Acción constitucional de 2019
Posteriormente, en 2019, Alvarez presentó una acción de habeas data dentro del proceso n.° 09284-2019-02624, tramitado en una unidad judicial penal de Guayaquil. En esa sentencia se dispuso corregir datos de filiación y dejar sin efecto modificaciones anteriores.
En la denuncia también se señala que, dentro de esa acción constitucional, el Registro Civil “no fue citado ni vinculado como parte procesal”, pese a ser el custodio legal de la base de datos de identidad y la autoridad competente para ejecutar cambios registrales. Según el escrito, esta omisión “impidió que el Estado pudiera ejercer su derecho a la defensa o advertir sobre las inconsistencias documentales previas”.
Días atrás, el Registro Civil informó a este Diario que la sentencia constitucional de 2019 es la única vigente y que subsanó cualquier inconsistencia previa, además de señalar que los plazos para acciones administrativas respecto a la marginación de 2016 se encuentran prescritos.
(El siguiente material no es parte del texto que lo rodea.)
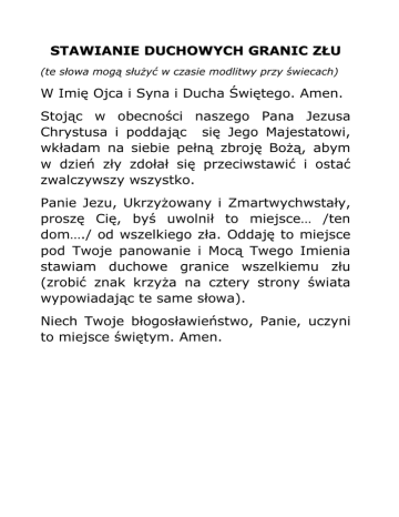 STAWIANIE DUCHOWYCH GRANIC ZŁU (te słowa mogą służyć w czasie modlitwy przy świecach) W Imię Ojca i Syna i Ducha Świętego. Amen. Stojąc w obecności naszego Pana Jezusa Chrystusa i poddając się Jego Majestatowi, wkładam na siebie pełną zbroję Bożą, abym w dzień zły zdołał się przeciwstawić i ostać zwalczywszy wszystko. Panie Jezu, Ukrzyżowany i Zmartwychwstały, proszę Cię, byś uwolnił to miejsce… /ten dom…./ od wszelkiego zła. Oddaję to miejsce pod Twoje panowanie i Mocą Twego Imienia stawiam duchowe granice wszelkiemu złu (zrobić znak krzyża na cztery strony świata wypowiadając te same słowa). Niech Twoje błogosławieństwo, Panie, uczyni to miejsce świętym. Amen.

No obstante, en la denuncia penal ahora presentada, la institución sostiene que la utilización de una presunta sentencia inexistente para inducir a error a la autoridad configuraría el delito de fraude procesal (art. 272 del COIP), así como el de falsificación y uso de documento falso (art. 328 del COIP).
Posible uso electoral en proceso deportivo
En el documento también se menciona que la modificación del año de nacimiento habría permitido a Alvarez cumplir con el requisito de edad mínima (35 años) para participar en las elecciones de la directiva de Barcelona Sporting Club en 2019.
Como parte de las diligencias solicitadas, el Registro Civil pidió que se tome versión del alcalde, del exjuez mencionado, de sus padres y de exdirectivos del club, además de requerir documentación a la unidad judicial correspondiente y al equipo de fútbol.
Con esta denuncia, la Fiscalía deberá determinar si abre una investigación previa para verificar la autenticidad de la documentación y establecer si existen responsabilidades penales en el caso.